Exercise directions: From the line with "ゴールドのスパンコールをふんだんに使った、目を引くオーナメントです。" to the line with "作品数据趋势统计了up主既往", output every line below exactly, both ends included. Skip the pictures.

Records for processing:
==========
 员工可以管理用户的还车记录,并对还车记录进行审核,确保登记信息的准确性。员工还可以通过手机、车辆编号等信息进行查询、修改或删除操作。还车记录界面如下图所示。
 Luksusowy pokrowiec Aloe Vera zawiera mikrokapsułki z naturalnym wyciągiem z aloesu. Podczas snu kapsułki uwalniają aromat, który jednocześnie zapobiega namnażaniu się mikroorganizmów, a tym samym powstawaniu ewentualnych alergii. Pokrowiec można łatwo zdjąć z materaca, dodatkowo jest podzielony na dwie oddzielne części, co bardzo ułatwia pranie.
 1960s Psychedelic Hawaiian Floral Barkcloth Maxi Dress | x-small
==========
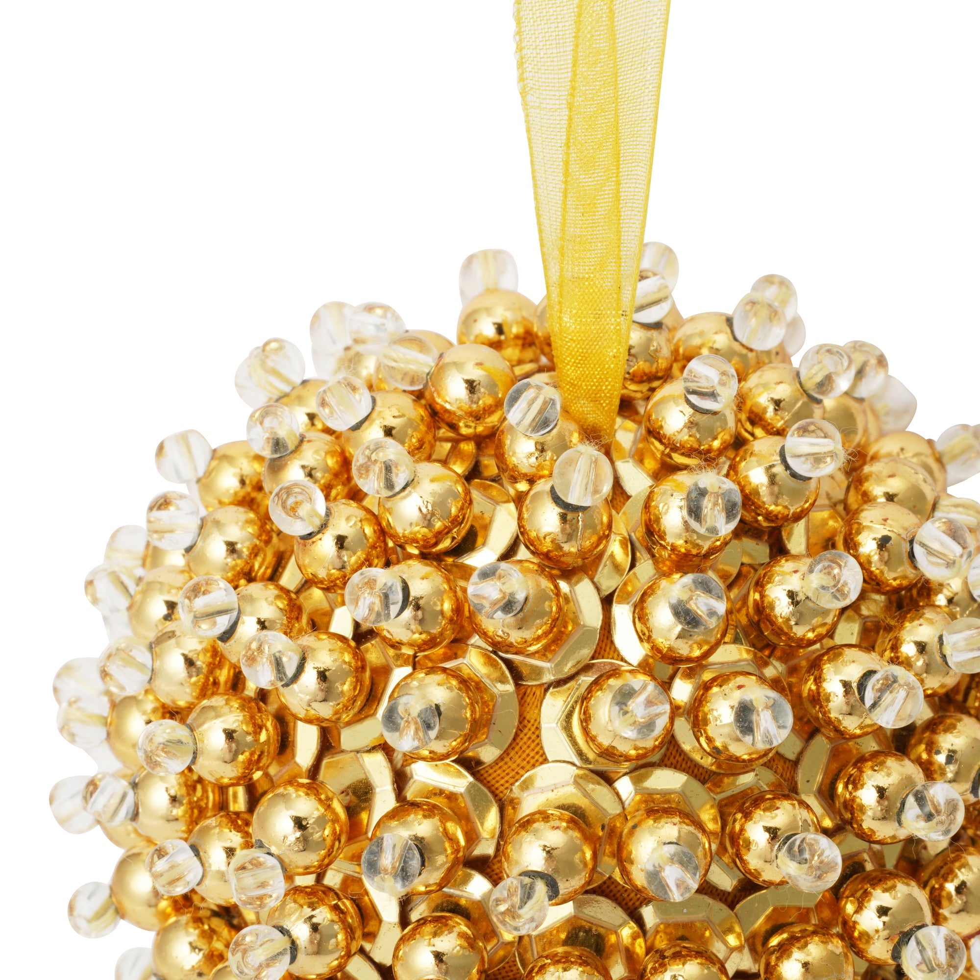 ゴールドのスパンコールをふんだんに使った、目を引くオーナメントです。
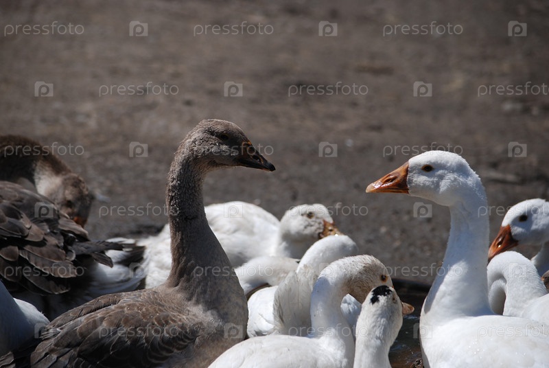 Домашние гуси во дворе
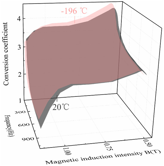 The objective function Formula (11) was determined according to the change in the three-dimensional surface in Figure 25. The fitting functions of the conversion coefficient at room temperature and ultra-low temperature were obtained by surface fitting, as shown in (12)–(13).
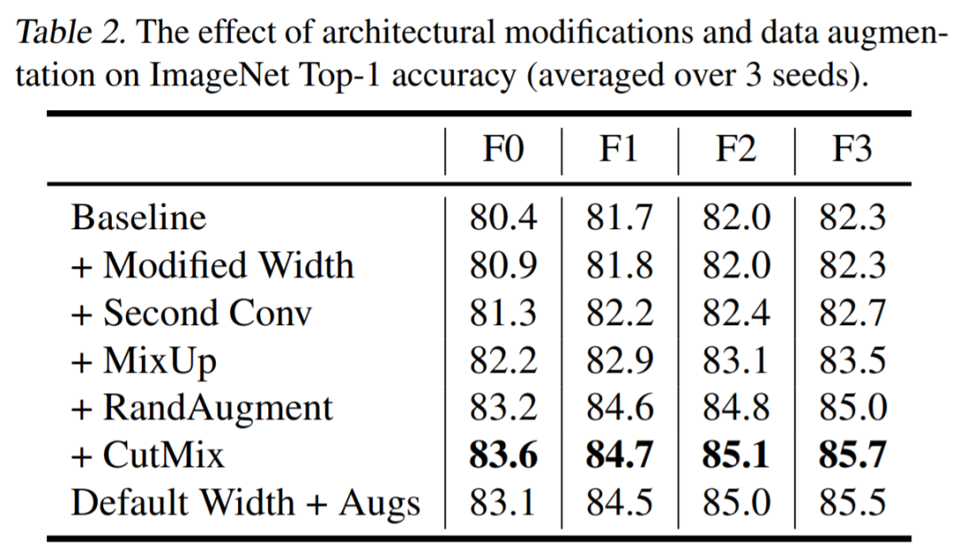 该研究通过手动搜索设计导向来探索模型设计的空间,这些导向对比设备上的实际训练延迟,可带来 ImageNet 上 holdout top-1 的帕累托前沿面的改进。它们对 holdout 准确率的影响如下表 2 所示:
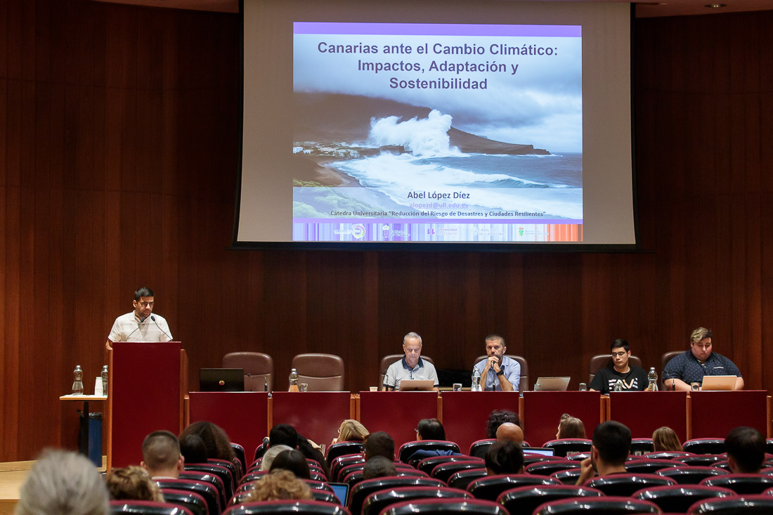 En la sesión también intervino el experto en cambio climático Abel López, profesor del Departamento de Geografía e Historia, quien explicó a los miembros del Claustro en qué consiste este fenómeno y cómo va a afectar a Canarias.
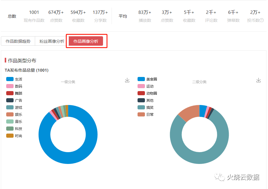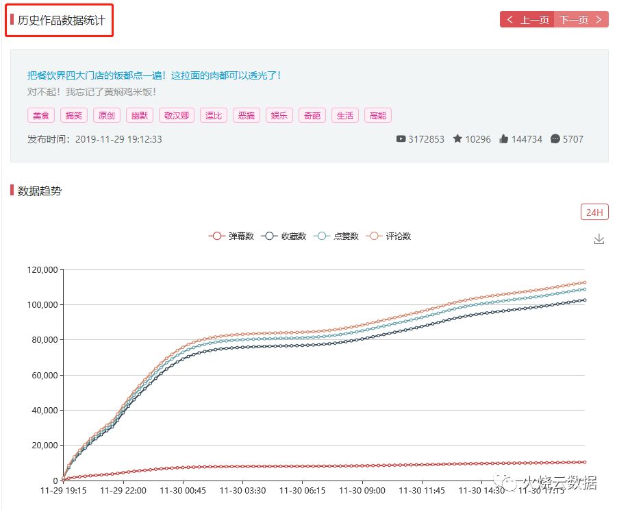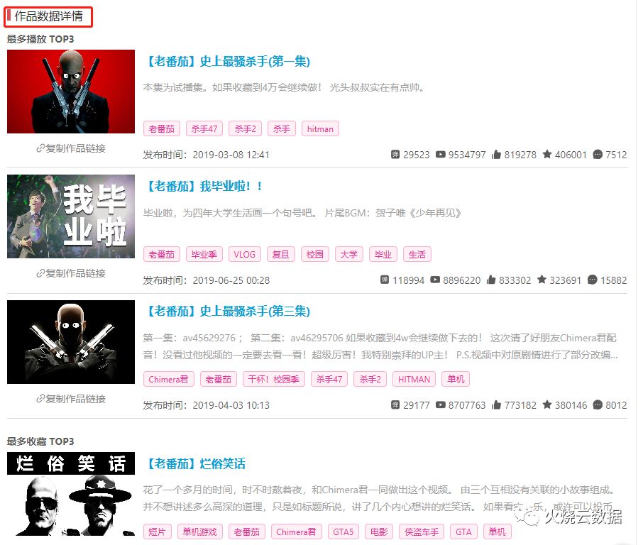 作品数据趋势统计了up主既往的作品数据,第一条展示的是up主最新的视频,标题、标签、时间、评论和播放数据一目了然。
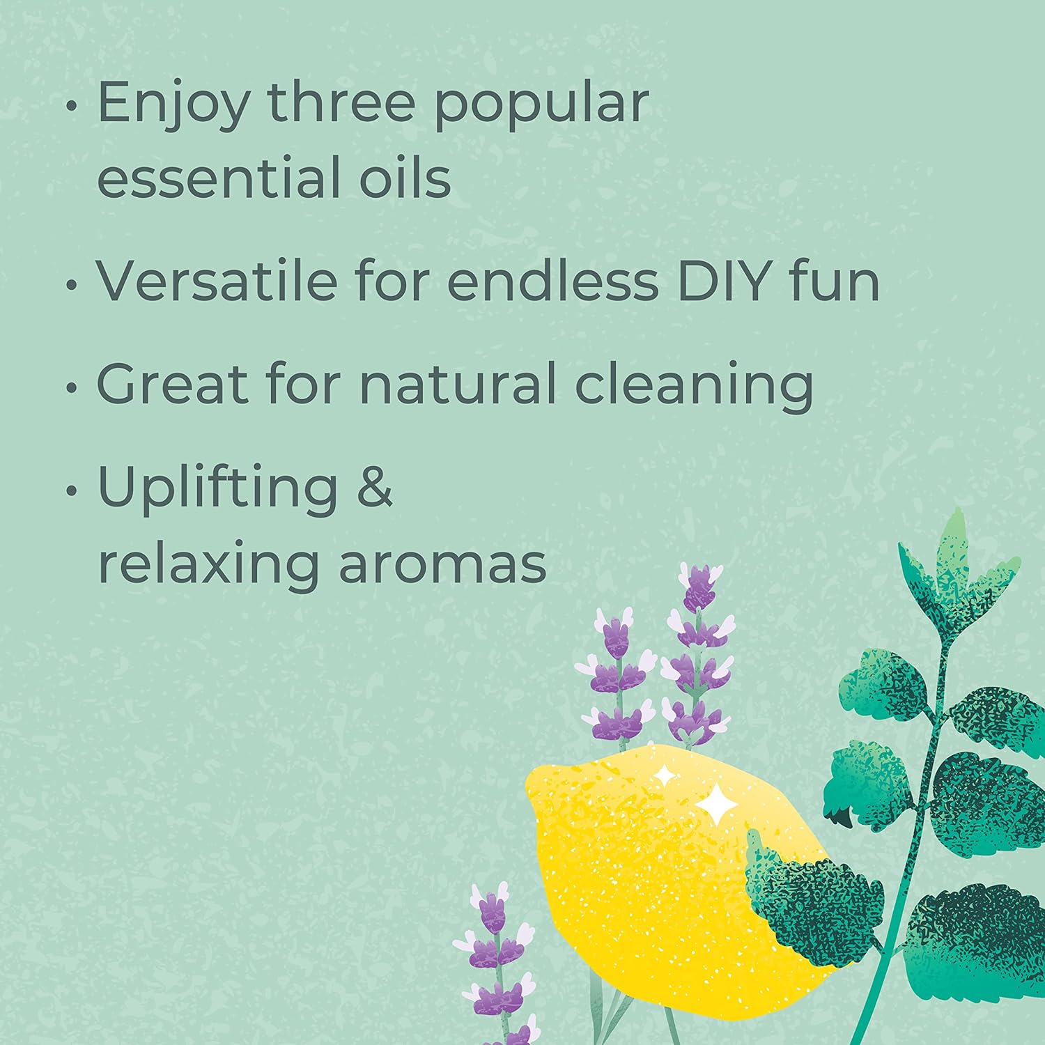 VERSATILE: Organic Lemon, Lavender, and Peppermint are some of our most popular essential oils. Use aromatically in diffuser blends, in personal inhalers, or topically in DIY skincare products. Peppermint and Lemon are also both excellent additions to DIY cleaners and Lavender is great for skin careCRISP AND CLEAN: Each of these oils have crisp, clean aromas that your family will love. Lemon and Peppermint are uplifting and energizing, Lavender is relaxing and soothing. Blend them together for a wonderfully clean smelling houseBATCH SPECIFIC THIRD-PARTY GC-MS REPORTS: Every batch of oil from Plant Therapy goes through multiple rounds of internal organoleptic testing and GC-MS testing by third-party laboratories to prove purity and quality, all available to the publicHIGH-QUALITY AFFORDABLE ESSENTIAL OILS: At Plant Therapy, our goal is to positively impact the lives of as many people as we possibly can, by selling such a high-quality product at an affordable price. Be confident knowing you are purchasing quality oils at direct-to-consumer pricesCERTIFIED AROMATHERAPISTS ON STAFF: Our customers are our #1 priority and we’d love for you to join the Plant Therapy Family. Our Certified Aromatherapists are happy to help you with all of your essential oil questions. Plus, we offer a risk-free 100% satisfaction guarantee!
==========
Exercise output:
 ゴールドのスパンコールをふんだんに使った、目を引くオーナメントです。
 Домашние гуси во дворе
 The objective function Formula (11) was determined according to the change in the three-dimensional surface in Figure 25. The fitting functions of the conversion coefficient at room temperature and ultra-low temperature were obtained by surface fitting, as shown in (12)–(13).
 该研究通过手动搜索设计导向来探索模型设计的空间,这些导向对比设备上的实际训练延迟,可带来 ImageNet 上 holdout top-1 的帕累托前沿面的改进。它们对 holdout 准确率的影响如下表 2 所示:
 En la sesión también intervino el experto en cambio climático Abel López, profesor del Departamento de Geografía e Historia, quien explicó a los miembros del Claustro en qué consiste este fenómeno y cómo va a afectar a Canarias.
 作品数据趋势统计了up主既往的作品数据,第一条展示的是up主最新的视频,标题、标签、时间、评论和播放数据一目了然。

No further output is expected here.